Less visible but vitally important, Biden has also selected Brenda Mallory, the director of regulatory policy at the Southern Environmental Law Center and an Obama administration veteran, to run the White House Council on Environmental Quality (CEQ). The CEQ is charged with making sure federal agencies comply with the National Environmental Policy Act (NEPA) so that proposed infrastructure projects undergo rigorous scientific review for their potential environmental harms. One of the final acts of the last administration was to severely limit NEPA's time and scope of reviews and relieve agencies of factoring in the effect of projects on climate change.

Mallory was general counsel at the CEQ in the Obama administration and helped craft many of its environmental proposals, including establishing the Bears Ears National Monument. She would be the first Black person to lead the council. She was a member of the steering committee of the Climate 21 Project, organized by former government environmental officials and university environmental policy experts to propose actions the Biden administration can take to restore the global leadership on climate change.

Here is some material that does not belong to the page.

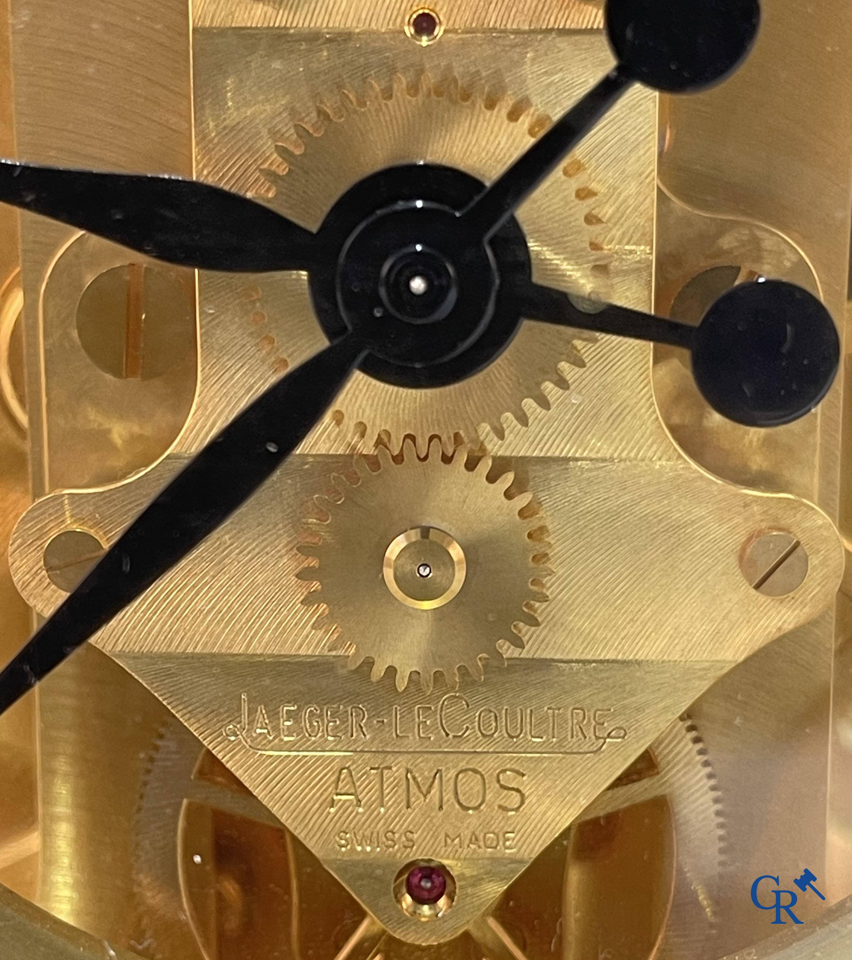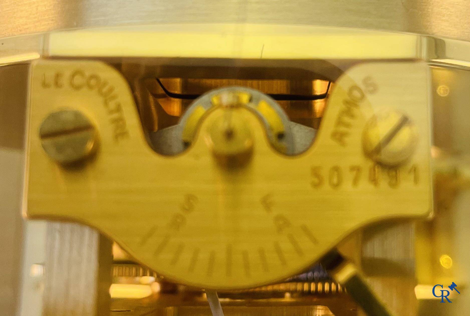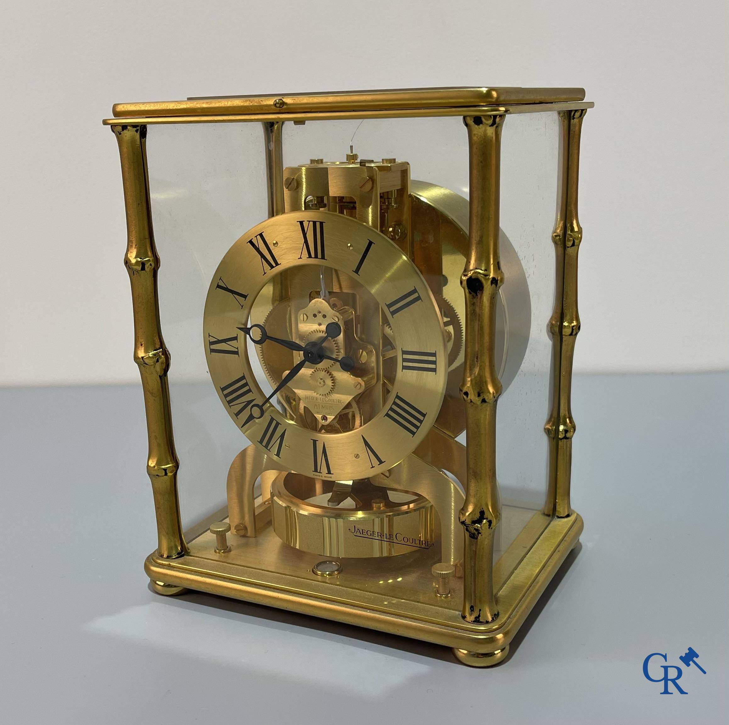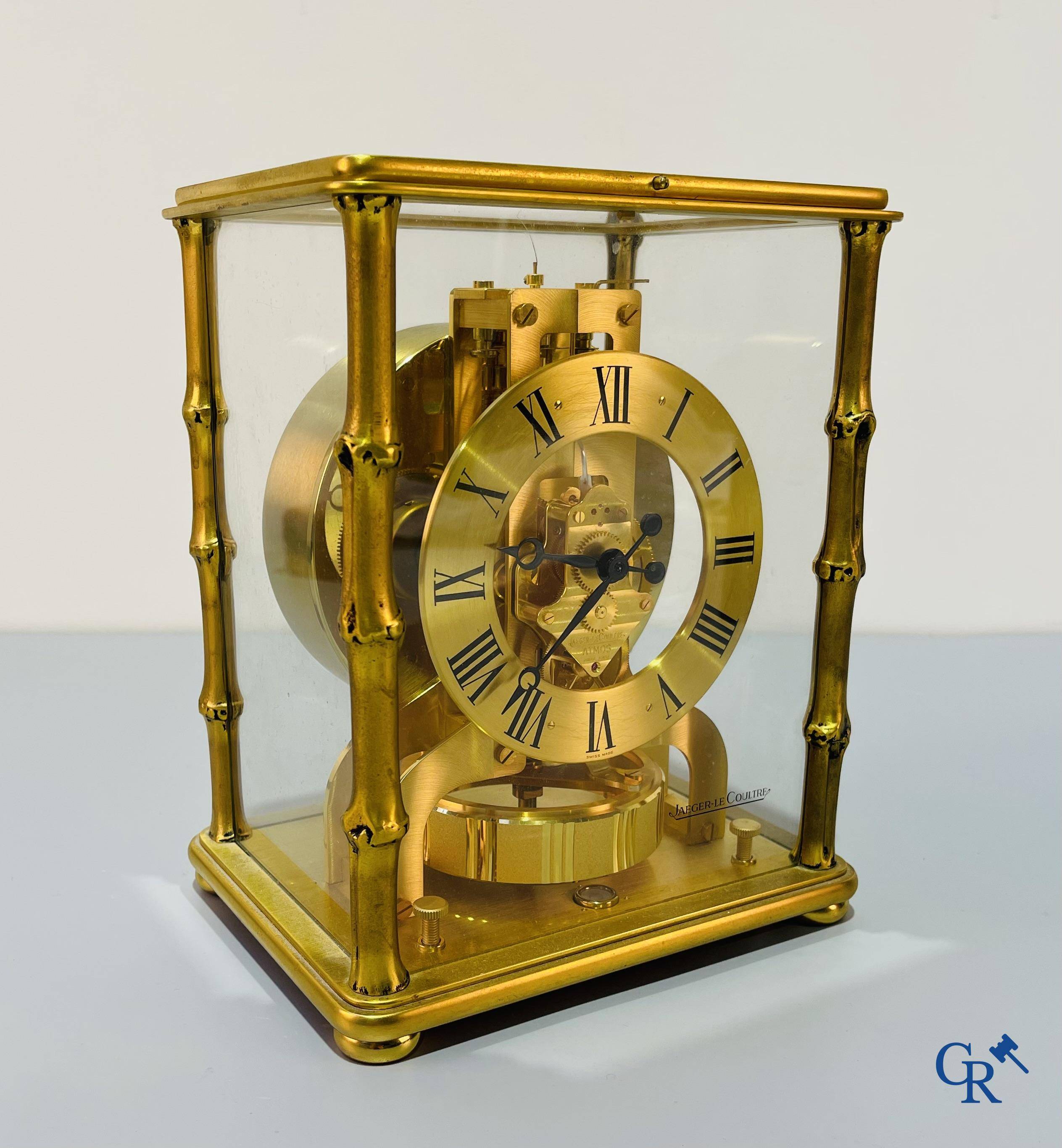 Jaeger LeCoultre, Pendule Atmos avec cadran doré et finition en bambou dans sa boîte d'origine, vers 1980.

"The next administration will need to act quickly to confront four crises simultaneously: The COVID-19 pandemic, economic devastation, racial injustice, and the accelerating threats of climate change," the project said. "Climate should be fully integrated into economic, racial justice, and foreign policy, national security, trade and other areas of the president's agenda."

If that happens, it will help institutionalize the influence of the environmental justice movement in our priorities about air and water pollution policies and likely help solidify the next generation at the ballot box as well. For too long, the voice of environmental justice has waxed and waned with the political winds. In 1994, President Clinton ordered that the impact of federal actions must factor in their impact on low-income communities and communities of color. That focus faded under President George W. Bush, received a boost under President Obama, and then was trashed by the Trump administration.

Perhaps the viciousness of the past administration's systematic attack on environmental protections, combined with the outrage over systemic racism in policing and the systemic racism in environmental justice and health care laid bare by the COVID-19 pandemic finally created the transformation we are witnessing, led by voters who see clearly that these issues are all connected. The potential for connection throughout federal agencies increased even more with Biden's selection of Merrick Garland for attorney general.

Garland is best known for having his Supreme Court nomination blocked by Senate Majority Leader Mitch McConnell. But Garland has a strong track record in the federal appeals court of ruling in favor of stronger ozone and air particulate laws, and EPA's authority to regulate them. Garland will take over a Justice Department where Biden has pledged to add an environmental and climate division to prosecute pollution of communities, including legacy pollution, "to make communities safe, healthy, and whole."

Such a heightened pledge of environmental protection is welcome to activists such as Tina Johnson, director of the National Black Environmental Justice Network. She told the New York Times, "Equity and justice were on the ballot. . .I'm happy to hear those concerns, from the environmental justice perspective, have been heard."

Robert Bullard, the Texas Southern University professor who is considered the father of environmental justice and who recently received a "Champions of the Earth" lifetime achievement award, told the Washington Post that he is impressed with the number of Biden's cabinet nominees who "have seen what it's like on the other side, in terms of communities that have suffered. They have been fighting for justice. Now they are in a position to make change and make policy. That, to me, has the potential to be transformative."

Transformation would mean that the once lonely voice of environmental justice is no longer in the wilderness. To borrow from Vidaurre, it's very validating when the environmental justice community need not yell out to the wind. The chances are good it will have the backing of the federal government as never before.